Deepak and his team are forced to go ahead with the operation after realising Veera Bhoga Vasantha Rayalu has another set of 300 individuals as hostages. Meanwhile, a man dressed as Santa Claus murders the girls whom Vinay and his team had rescued. Surya’s orphaned son, Nikhil (Master Snehith), who was admitted at the orphanage, runs away and dresses up as a girl, hoping to discover the kidnappers, and is successfully taken away. Vinay discovers that his father has committed suicide. Veera Bhoga Vasantha Rayalu, instead of releasing the hostages, sets them ablaze, who are later revealed to also have been criminals. The team manages to find a sketch of his appearance, and traces his location. Meanwhile, Vinay realises that the house has not gone missing, but rather the number plates outside all the houses have been changed to make it look like the boy’s house was missing. The corpses of the boy’s parents are also discovered. Nikhil escapes from his kidnappers after being discovered. Vinay discovers that the young boy was the one responsible for the murder of his parents, the forging of the missing house, as well as the suicide of his father.

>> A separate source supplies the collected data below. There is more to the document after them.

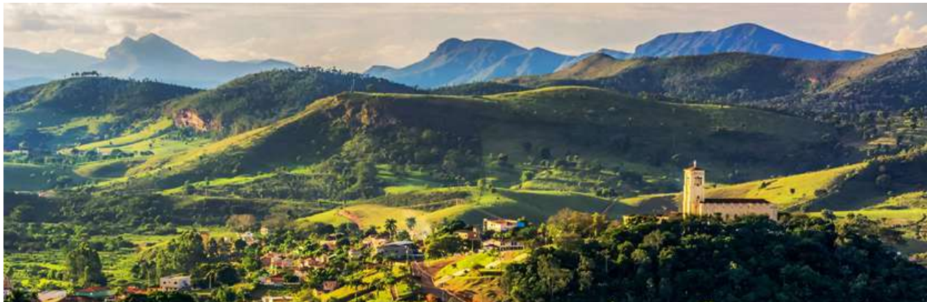
Vista Aérea de Conceição do Mato Dentro em meio ao complexo da Serra do Espinhaço.
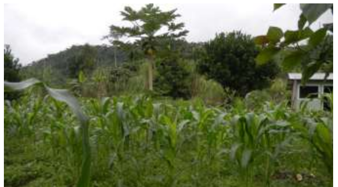
ILUSTRACIÓN N°26: Cultivos con abono orgánico. FUENTE Y AUTOR: Tesista/ Sayda M. Unkuch S.
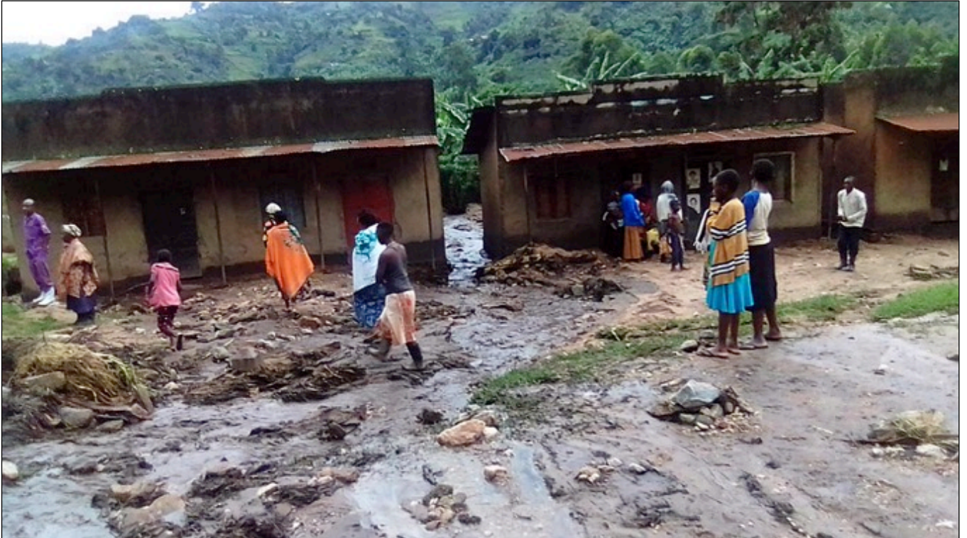
Menschen, die zusehen müssen, wie ihre Häuser von Wasser und Schlamm überflutet werden
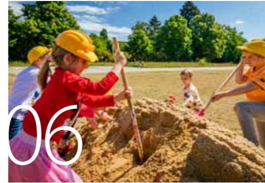
Spatenstich für Spielplatz in der „Seenlandschaft“

Unsere Wohnungsgesellschaft mbH unterstützt die mobile Jugendarbeit, auch weil Treffpunkte für die Kinder und Jugendlichen unsere Stadt fehlen. Seit vielen Jahren stellen wir dafür das Grundstück zur Verfügung und finanzierten die Fußballtore am Bauwagen. Mit dem Baustart des Großspielplatzes steht nun ein kleiner Umzug für den Bauwagen und die Fußballtore bevor. Ausgegrenzt wird niemand, der Spielwagen bleibt als Gesamtkonzept ganz in der Nähe erhalten.
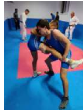
Slobodni stil 6.

Borbe za hvat - one se rade u 3. i 4. zoni opterećenja i njihov cilj je prvenstveno anaerobna izdržljivost i simulacija jednog segmenta borbe. Ako imamo više rundi borbi za hvat sa adekvatnom pauzom do značaja će nam i doći aerobna izdržljivost. Borbe za hvat po trajanju se rade po dvije minute sa pola minute pauze. U slobodnom stilu borbe za hvat ujedno mogu biti i ulasci jer se hvat može ostvariti oko nogu što znači da dominantni hvatovi za ruke odnosno zglobov šake nisu toliko prisutni u slobodnom stilu, a u grčko-rimskom su najdominantniji dio borbe .
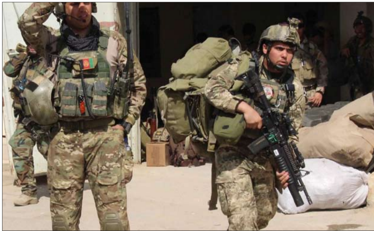
الجيش الافغاني خارج الخدمة
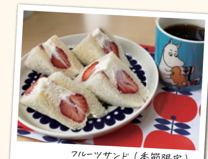
フルーツサンド (季節限定) (ドリンクセット) ¥770 (税込) ※写真はフィンランドコーヒー アップリパイ ¥198 (税込)
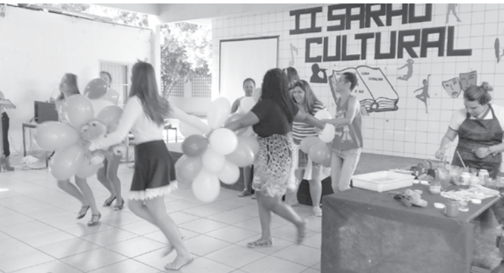
Brincadeira de criança com os alunos do Ensino Médio
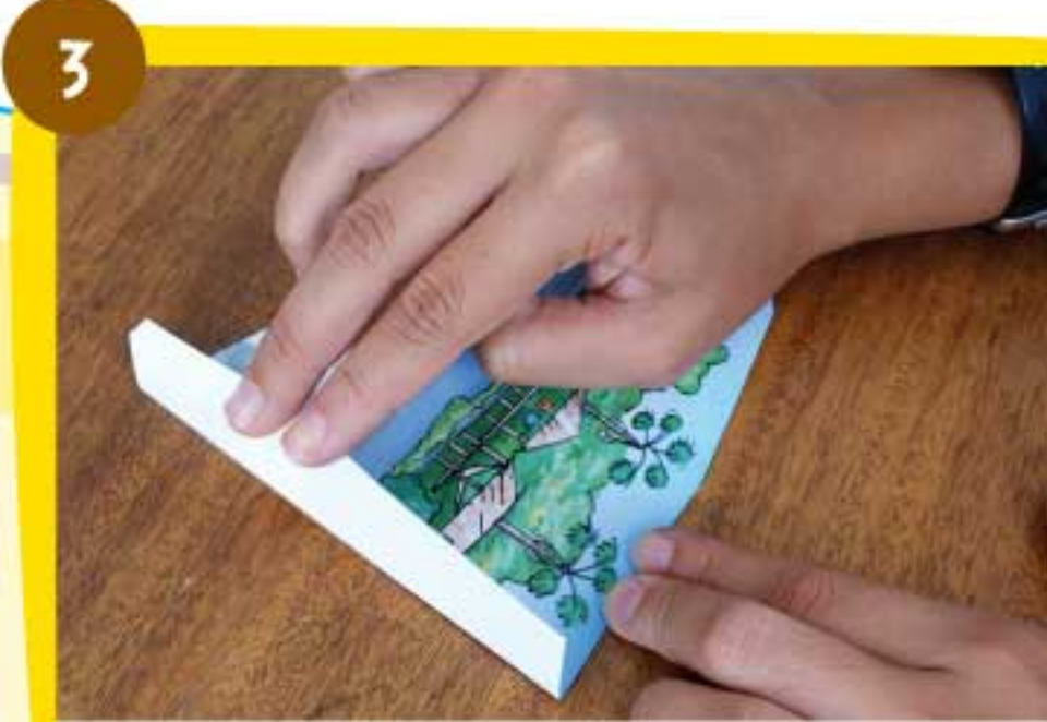
Realiza los dobleces de cada solapa de la pieza Delta 1 siguiendo la línea punteada.
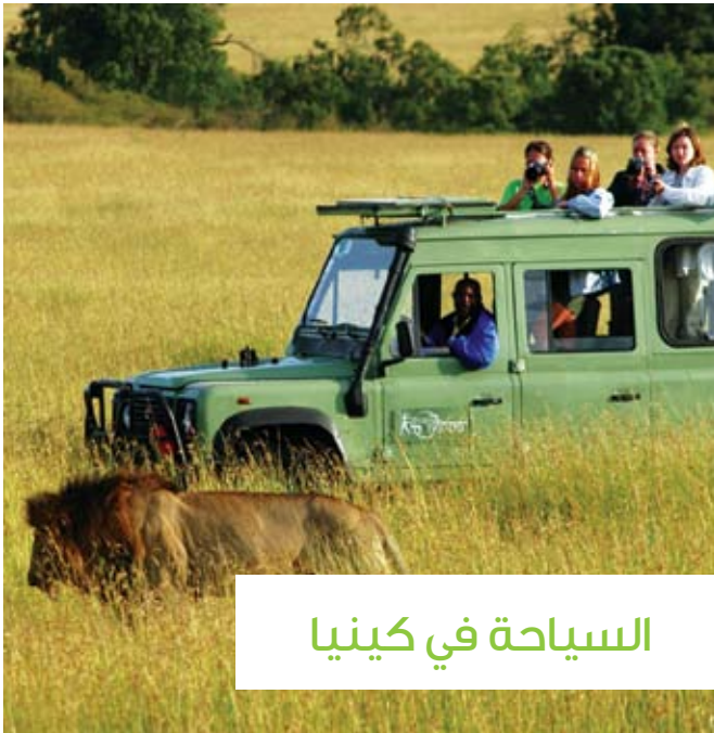
السياحة في كينيا
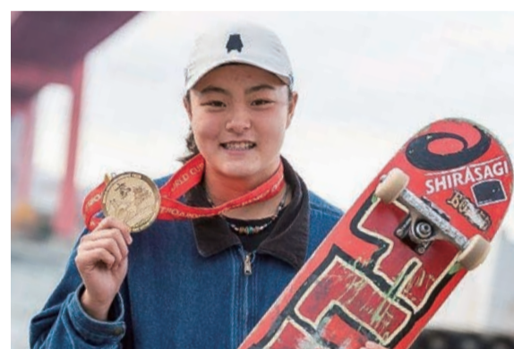
ワールドスケートボードストリート2025 北九州 女子優勝
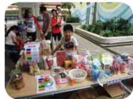
單位義工積極參與義賣工作
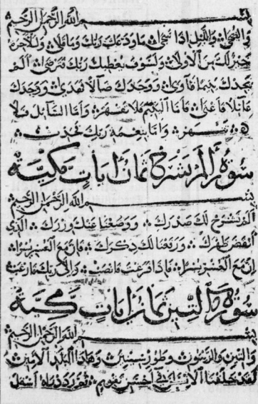
Facsimile einer Koran-Handschrift.

Ans dem Arabischen für die „Bibliothek der Gesamt-Litteratur“ neu übersetzt von Theodor Fr. Grigull. Mit Vorbemerkung und Index nebst dem Facsimile einer Koran-Handschrift. Preis geb. 1,75 M., Leinenband 2 M., Geschenkbild 2,50 M.

It is revealed at this juncture that the story takes place in three different timelines; Veera Bhoga Vasantha Rayalu, Nikhil and the boy are all revealed to be the same person. It is revealed that Vinay’s father, the negligent Srinivasa Rao, was the head of the kidnappers’ racket that killed Surya. Years later, the kidnappers themselves adopted Nikhil from the orphanage, not realising who he was, and were killed by him, which brought Nikhil to Vinay, and he blackmailed Vinay’s father into suicide.

In the present, Deepak, Neelima and an older Vinay corner Nikhil / Veera Bhoga Vasantha Rayalu into a dilapidated building, but the latter successfully escapes from there. An epilogue shows a much older Nikhil and hints at a sequel.

== Cast ==

- Sree Vishnu as Nikhil / Veera Bhoga Vasantha Rayalu
  - Master Charith Manas as 15-year-old Nikhil
  - Master Snehith as young Nikhil
- Nara Rohit as Deepak Reddy
- Sudheer Babu as SI, later DSP, Vinay Rao
- Shriya Saran as Inspector Neelima
- Ravi Prakash as Dr. Surya, Nikhil's father
- Shashank as Constable Ramarao, also part time Private Investigator
- Srinivasa Reddy as Constable 403
- Manoj Nandam as Udhav
- Rajeswari as Dr. Surya’s wife, Nikhil's mother
- Edida Sriram
- Anantha Prabhu as Circle Inspector Srinivasa Rao, Vinay's father
- Giridhar as Investigation Unit Officer
- Naveen Neni as Constable 401
- Shashidar
- Prasanth Karthi

== Promotion ==
The first look poster was released on 11 July 2018.

==Soundtrack==

The soundtrack was composed by Mark K Robin and released by Mango Music.

Track list
| No. | Title | Lyrics | Singer(s) | Length |
|---|---|---|---|---|
| 1. | "The World is Dying" | Kenny Edward | Manisha Eerabathini | 3:33 |
| 2. | "Veera Bhoga Vasantha Rayalu (Title Song)" | Vivek Hariharan | Anurag Kulkarni | 2:44 |
| Total length: |  |  |  | 6:17 |

== Reception ==
=== Critical reception ===
The Times of India gave 2 out of 5 stars stating, "Veera Bhoga Vasantha Rayalu is a film that tries to take on too much at once and fails at it". IndiaGlitz gave 2 out of 5 stars writing, "A multi-thread thriller gone wrong. A misplaced narrative style and wrong kind of performances".